For Hines, who worked for years in the area of corporate citizenship, every business decision is a chance to support other Black-owned businesses and organizations.
The brewery has a Black general contractor, developer, and chef as partners on its Central District location. It has brewed beers in collaboration with area Black-owned businesses, including The Jerk Shack restaurant and Boon Boona Coffee, a roaster that exclusively sources beans from Africa. Its brewpub project with the Mariners is named Steelhead’s Alley to honor the Seattle Steelheads, a Negro league baseball team that played in 1946.

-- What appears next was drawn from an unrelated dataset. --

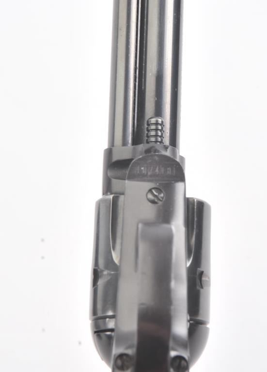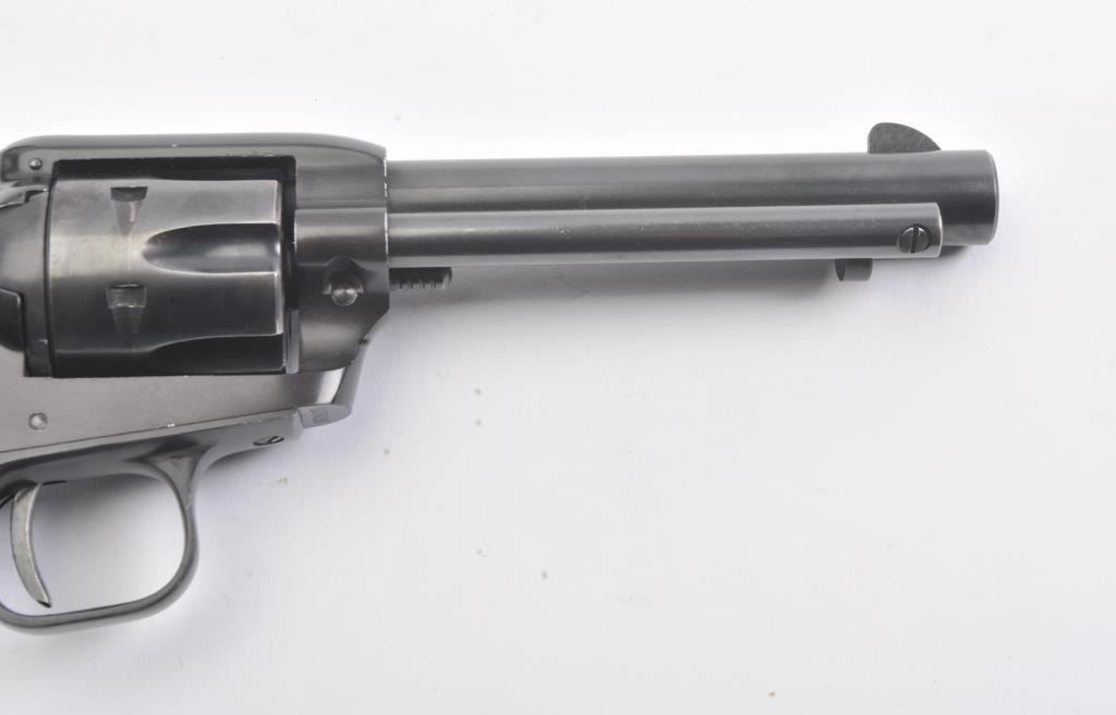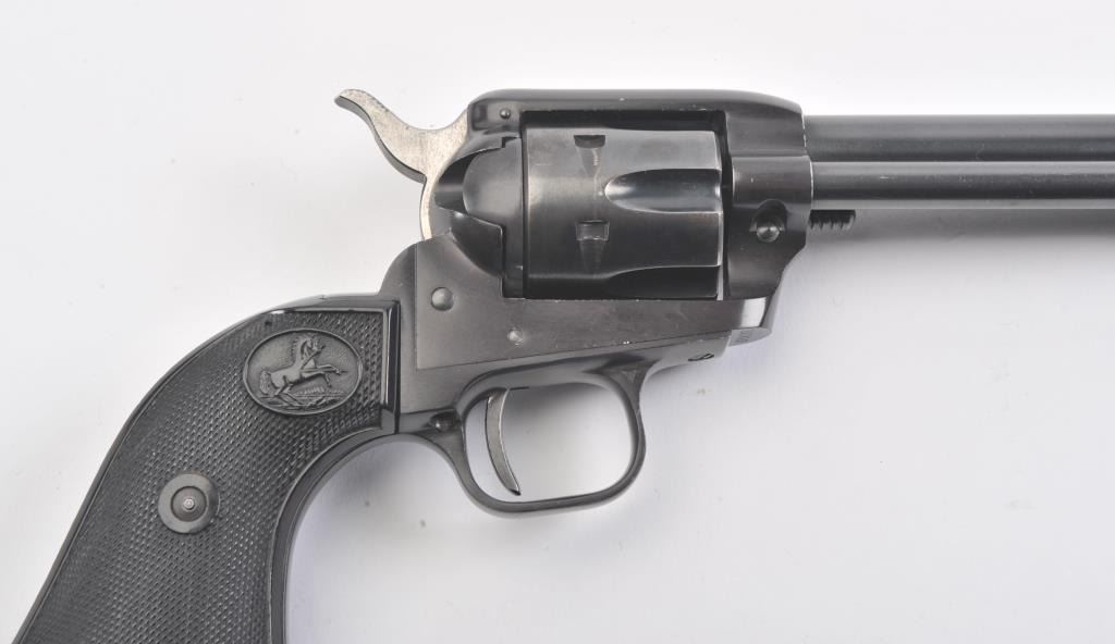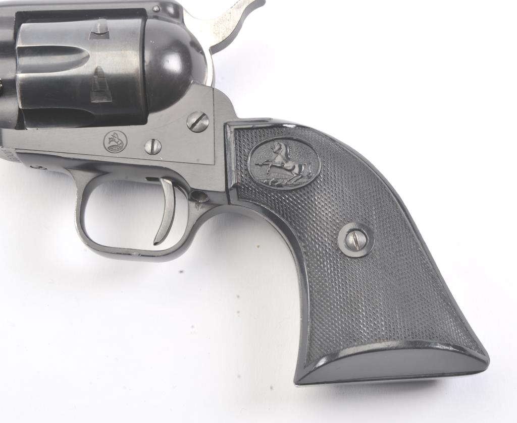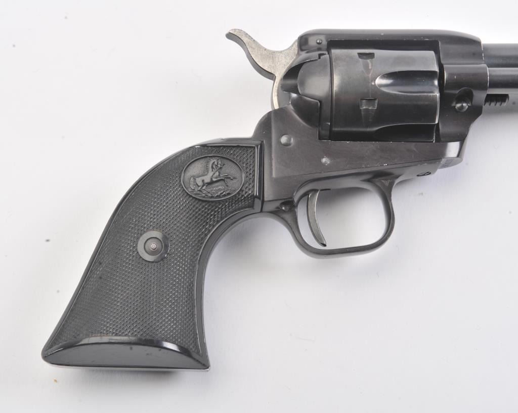 Colt Frontier Scout single action revolver, .22 LR caliber, Serial #107418F. The pistol is in fine overall condition with a 4 ¾” barrel. The pistol retains nearly all the blue finish with light handling marks. Thecheckered plastic grips are in very good condition showing little use. The bore is good, the action is crisp and the markings are sharp. The lot includes a 2nd cylinder in .22 Magnum. Est.: $300-$600.(Modern/PPT).
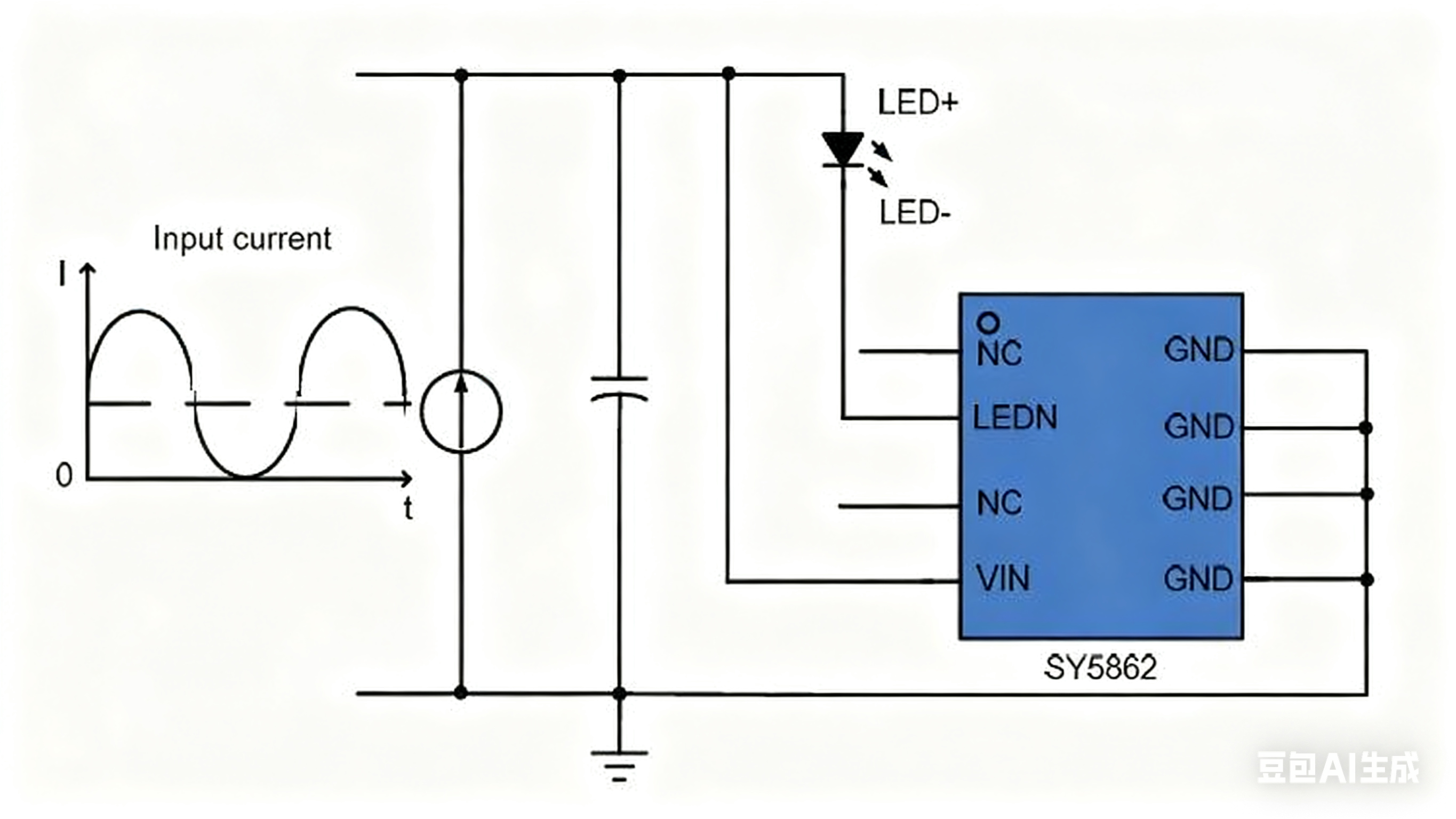 SY5862是一款自适应线性电流调节器,旨在消除针对LED照明应用的低频电流纹波。它被用作LED驱动器输出端的电流滤波器,特别是单级LED驱动器。它采用了自适应控制方案,无需额外的电路设计。提供了可靠的开路/短路LED保护和过热保护。

Last year, Métier teamed up with Seattle brewery Reuben’s Brews to launch the Mosaic State Brewers Collective, a mentorship program to develop the talent and careers of people from underrepresented groups in the brewing industry. At the start of this year, 11 participants in that program began classes through the University of Washington’s Foster School of Business. As part of the program, Métier and Reuben’s Brews released Lily of the Nile Chicory Stout, a beer designed by the participants. Sales support the program’s growth.
Such initiatives may take extra effort, but Hines says that investment also buoys Métier, especially during the difficult times wrought by COVID.
“That was one of the key learnings of the pandemic: ‘Oh, we are so not alone,’” Hines says. “There’s a lot of love internally across our team and externally for our community to keep us and other businesses thriving.”
He says a goal for the business during this year’s growth period is to better quantify and evaluate the success of its community programs. So far, he sees the taproom being used as the gathering space he’d envisioned: Last year, it hosted its first baby shower and its first engagement—the latter between two women of color who are regulars at the brewery.
“I think about those types of experiences, and it tells me that in some ways we’re unique,” Hines says. “But we should not be that unique.
“So, what’s our work to help that not be unique for this industry?”